» **Material provided**:
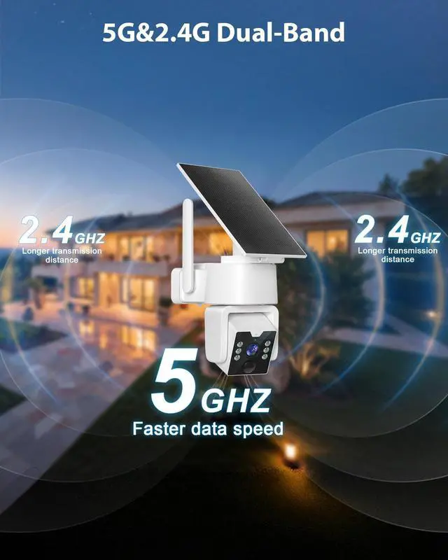 Camera: This essential outdoor wireless security camera boasts a 2304x1296p resolution, allowing you to see every detail clearly. Enjoy full-color night vision even in low-light conditions thanks to artificially triggered spotlight technology. ^^ Simultaneously supports 2.4GH z and 5GHz WiFi dual bands. The 2.4GH z band ensures corner coverage and strong wall penetration; the 5GHz band enables high-speed, short-range connections Automatically adapts to signal conditions, eliminating long-distance disconnections ^^
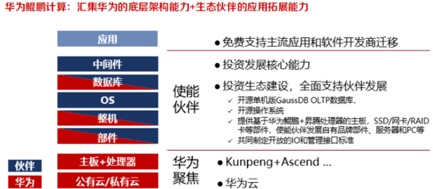 鲲鹏生态加速推进:华为聚焦于架构和并发,提供算力;硬件开放、软件开源、支持迁移和生态伙伴共建生态。在华为开发者大会 2020(Cloud)上,华为宣布“沃土计划 2.0” ,将在 2020 年投入 2 亿美元推动鲲鹏计算产业发展,并公布面向高校、初创企业、开发人员及合作伙伴的扶持细则。
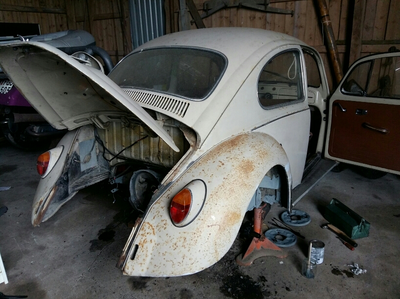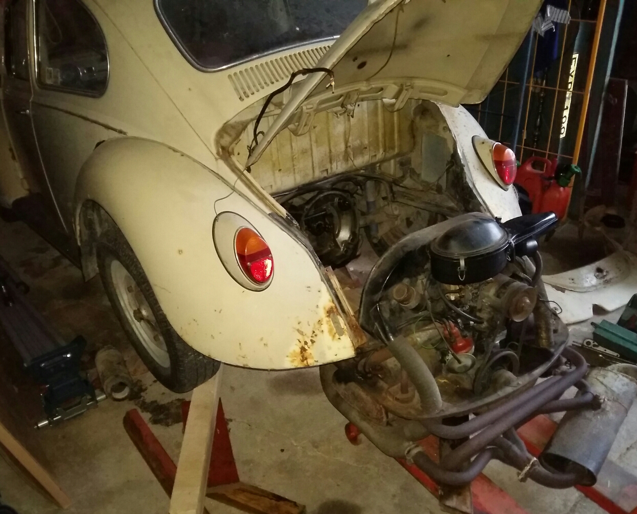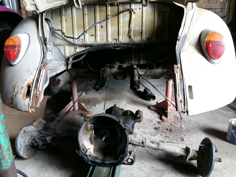 Har bubblan på en loge med betånggolv , så ingen värme till vintern. Tänkte därför få klart bakbromsar och allt runt bakaxel. /växellåda. Kanske få i 1500cc motorn och provköra. Så här ser det ut.
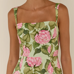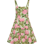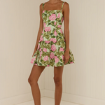 The Cooper Dress is crafted from a premium Cotton Poplin with our exclusive Pink Jardin print. This mini silhouette is fitted through the body and falls into a full tiered skirt for a flattering and feminine shape. Lightly padded straps frame the shoulders and add an elevated and refined finish. Please refer to our size and fit guide for further fit details.

» **Your instructions**: Set the listing down verbatim, excluding pictures.

» **Final answer**:
 Camera: This essential outdoor wireless security camera boasts a 2304x1296p resolution, allowing you to see every detail clearly. Enjoy full-color night vision even in low-light conditions thanks to artificially triggered spotlight technology. ^^ Simultaneously supports 2.4GH z and 5GHz WiFi dual bands. The 2.4GH z band ensures corner coverage and strong wall penetration; the 5GHz band enables high-speed, short-range connections Automatically adapts to signal conditions, eliminating long-distance disconnections ^^
 鲲鹏生态加速推进:华为聚焦于架构和并发,提供算力;硬件开放、软件开源、支持迁移和生态伙伴共建生态。在华为开发者大会 2020(Cloud)上,华为宣布“沃土计划 2.0” ,将在 2020 年投入 2 亿美元推动鲲鹏计算产业发展,并公布面向高校、初创企业、开发人员及合作伙伴的扶持细则。
 Har bubblan på en loge med betånggolv , så ingen värme till vintern. Tänkte därför få klart bakbromsar och allt runt bakaxel. /växellåda. Kanske få i 1500cc motorn och provköra. Så här ser det ut.
 The Cooper Dress is crafted from a premium Cotton Poplin with our exclusive Pink Jardin print. This mini silhouette is fitted through the body and falls into a full tiered skirt for a flattering and feminine shape. Lightly padded straps frame the shoulders and add an elevated and refined finish. Please refer to our size and fit guide for further fit details.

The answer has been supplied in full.